**PROBLEM DETAILS**
The answer must consist solely of the lines from the line with "Genuine Leather White" to the end of the data below, transcribed exactly and with no pictures.
━━━━━ SUPPLIED DATA
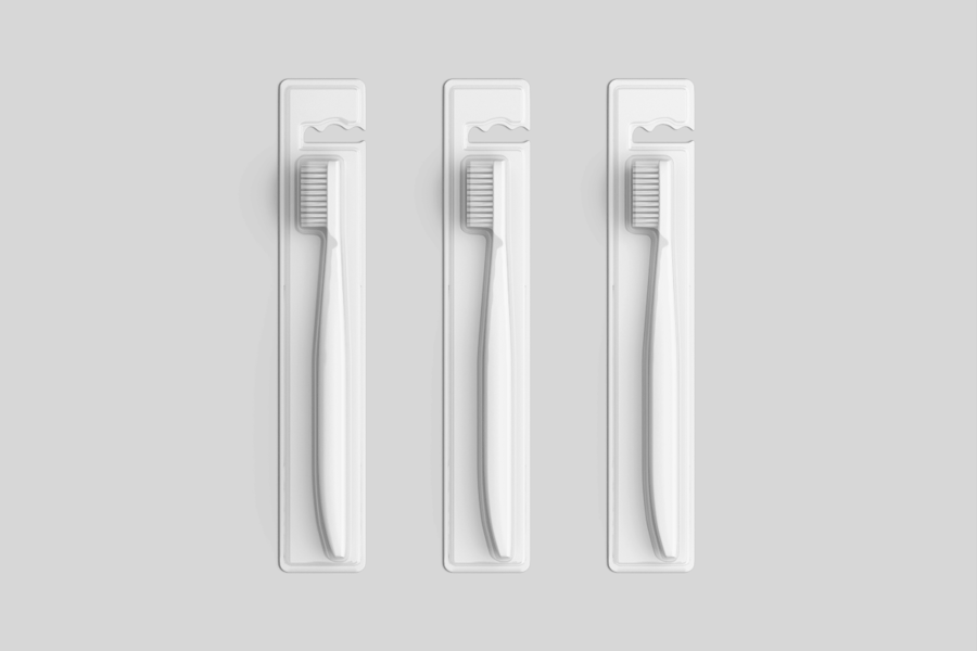 这款**牙刷包装模型**套装旨在帮助您以专业逼真的外观展示口腔护理产品。它包含两个独立的场景,分别展示泡罩式包装内的牙刷,是牙科护理品牌推广、产品展示和电商预览的理想之选。凭借其高分辨率细节,您的设计将清晰锐利,随时可用于市场展示。
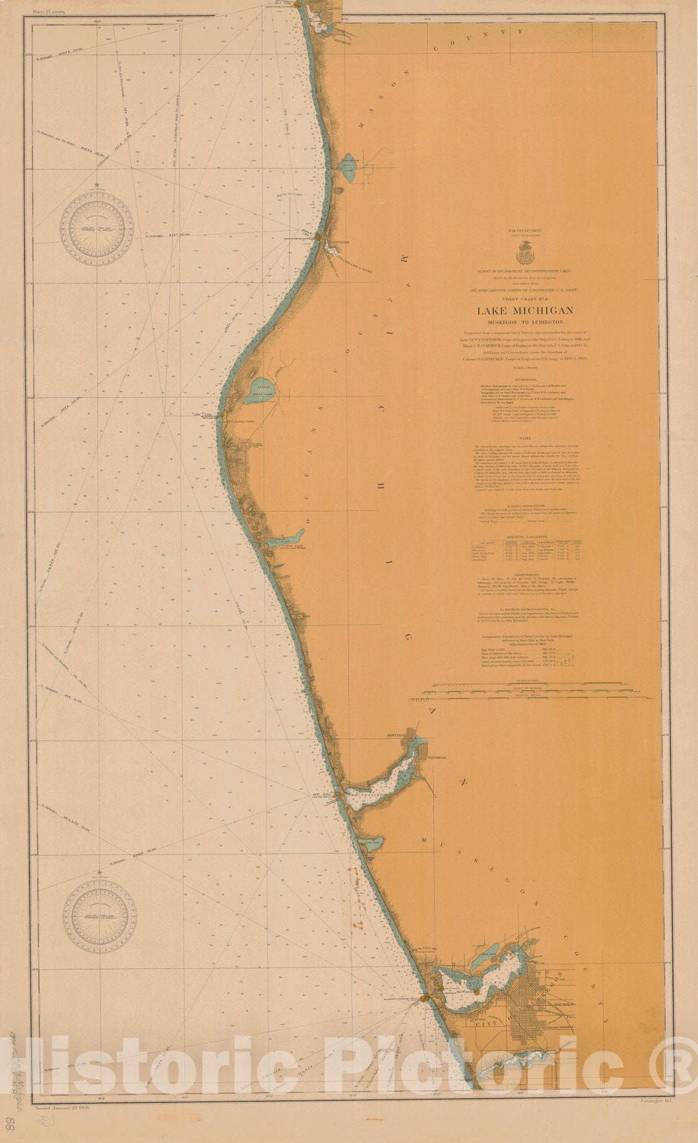 Historic Nautical Map - Lake Michigan, 1906 NOAA Chart - Vintage Wall Art
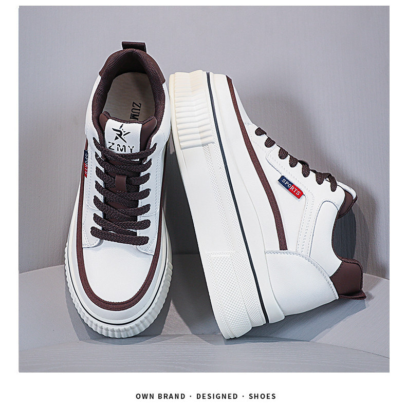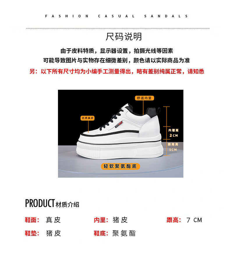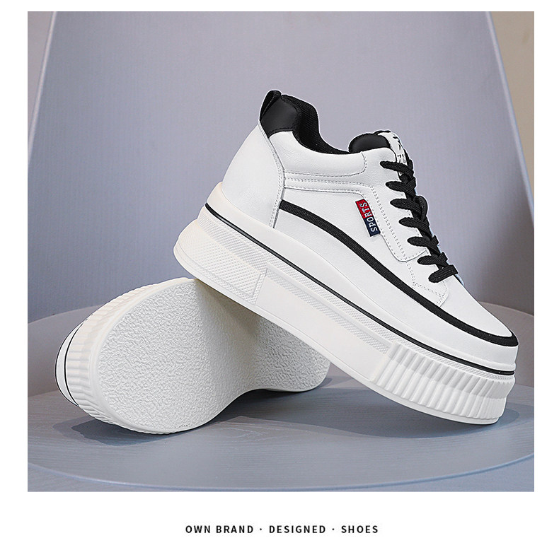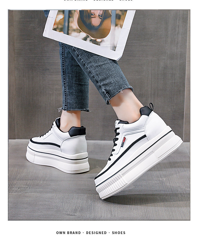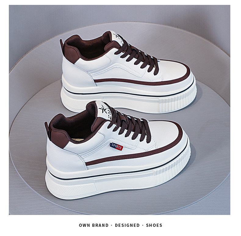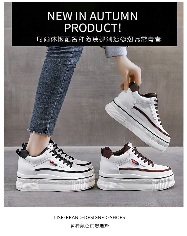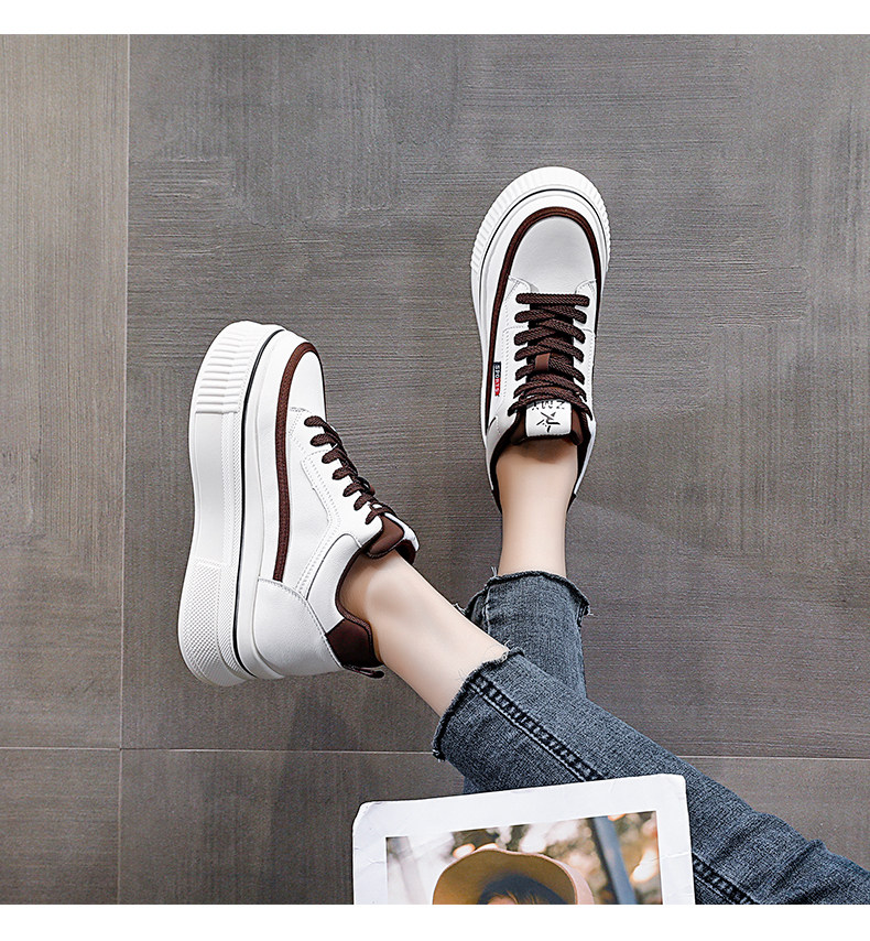 Genuine Leather White Sneakers for Women, 2026 Spring New Model, Versatile Genuine Leather, Thick-Soled, Height-Increasing, Lightweight Sports Shoes, Small Size
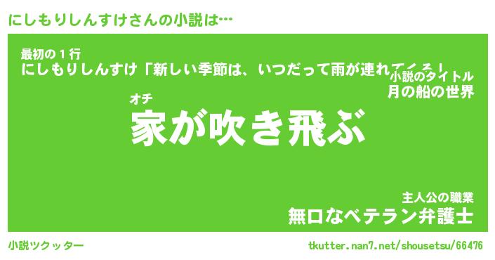 | 男性向けラノベタイトル風あだ名 | 『にしもりしんすけの憂鬱』 |
━━━━━━━━━━
**RESPONSE TO THIS EXERCISE**
 Genuine Leather White Sneakers for Women, 2026 Spring New Model, Versatile Genuine Leather, Thick-Soled, Height-Increasing, Lightweight Sports Shoes, Small Size
 | 男性向けラノベタイトル風あだ名 | 『にしもりしんすけの憂鬱』 |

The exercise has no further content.